As wildfires raged last October, more than a million northern Californians suffered through blackouts, their electricity cut in order to reduce the likelihood of high winds sparking new conflagrations. In smoke, KR Sridhar smelled opportunity. His company, publicly traded Bloom Energy, sells fuel cells—steel boxes that generate electricity using natural gas. The boxes, which it calls energy servers, emit a nearly pure stream of carbon dioxide, a major greenhouse gas, but they are supposed to make much less of it than traditional power plants and do so without generating lots of smog ingredients like nitrogen oxide and sulfur oxides.
Even better, Bloom’s units get their fuel via underground pipelines unaffected by the Diablo winds that threatened California’s high-voltage wires and led to the power outages that Sridhar considers intolerable in any modern society, let alone in Silicon Valley.
“Every time there is a disaster your power price is going to go up, because somebody has to pay for the damage,” Sridhar says. “That is the catalyst for change.” Bloom is capitalizing on the outages by wooing potential customers in fire-risk zones to protect against grid failure with Bloom-powered “microgrids,” like its 26 so far in California, which carried customers through last year’s blackouts.

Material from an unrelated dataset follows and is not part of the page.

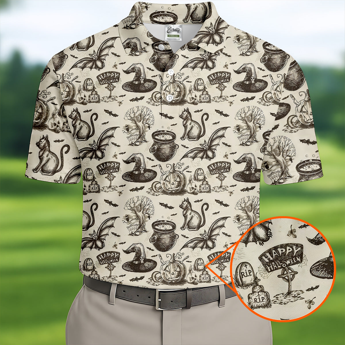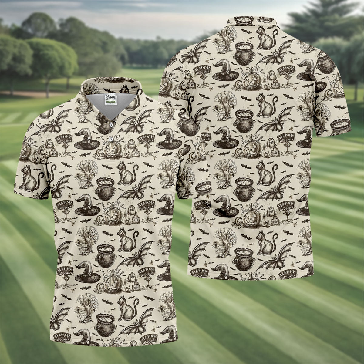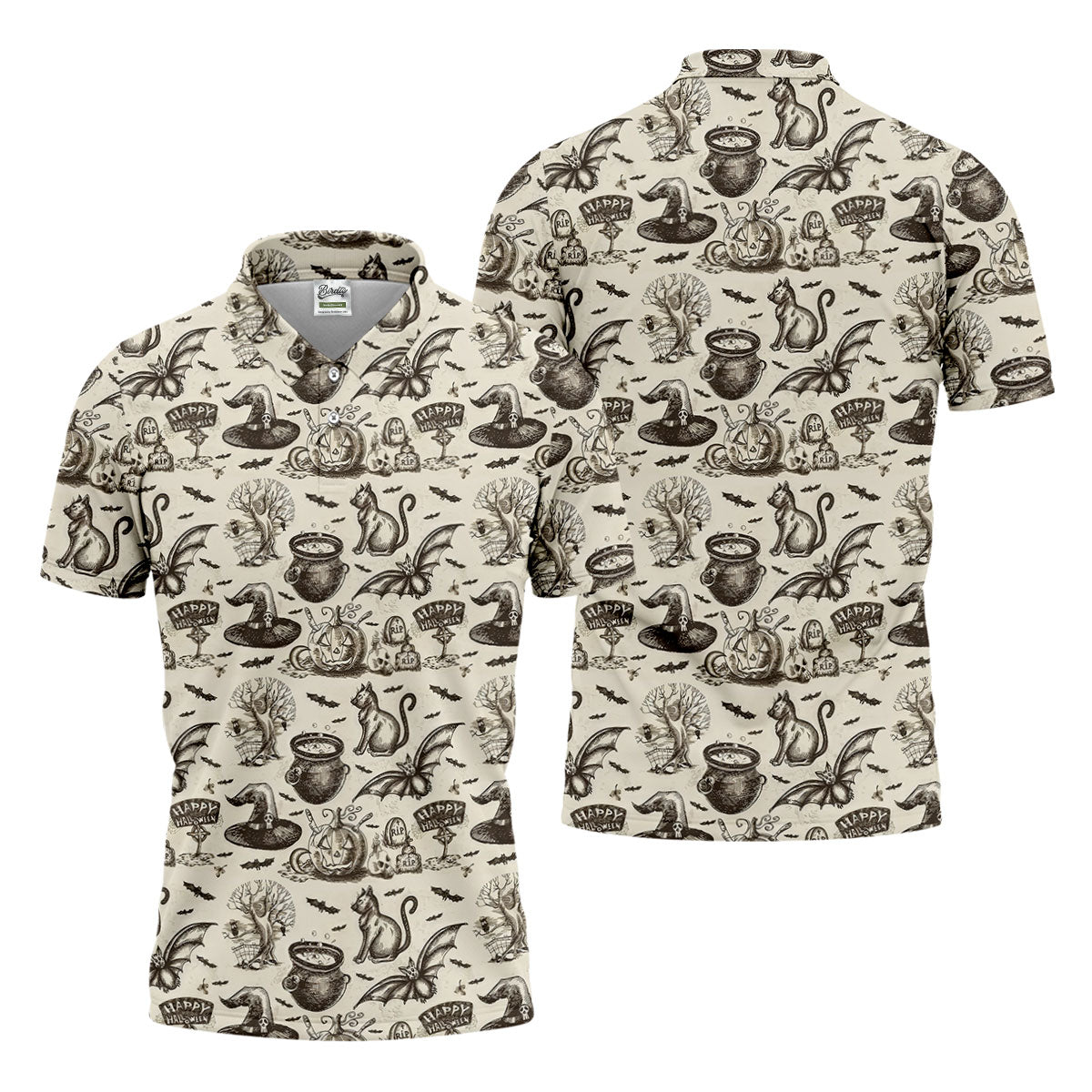 Halloween Witch Cat Pattern Men's Funny Golf Shirts, Unique Gift For Golfer, Polo For Men
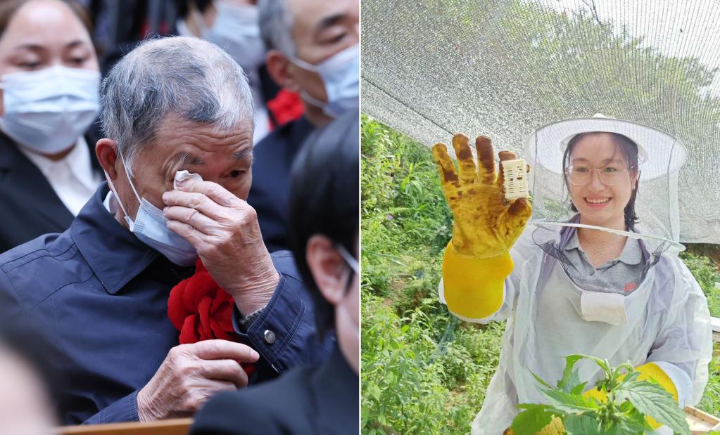 拼版照片:左圖為2021年2月25日,黃文秀的父親黃忠杰在全國脫貧攻堅表彰大會上(新華社記者劉彬攝);右圖為黃文秀生前工作照(資料照片)。

Bloom has never generated a profit, despite at least $1.7 billion of invested capital, some of which was raised on the back of false statements.
Over its 19 years in business, Bloom has installed several thousand of its 15-ton boxes worldwide for big tech companies including Apple, AT&T and Paypal, which are willing to pay up to guarantee 24/7 power for data centers where the cost of downtime is nearly $9,000 per minute. A lot of its customers are in states with the highest power prices and big clean-energy subsidies, like New York, where Home Depot has installed them as backup generators “wherever they make economic sense,” says the chain’s U.S. energy chief, Craig D’Arcy. Bloom boxes have been operating nonstop at Caltech for over a decade, providing nearly 30% of the power to its Pasadena campus. “Having stable power is very important to scientists,” says Caltech facilities director Jim Cowell. “The grid has been disintermediated.”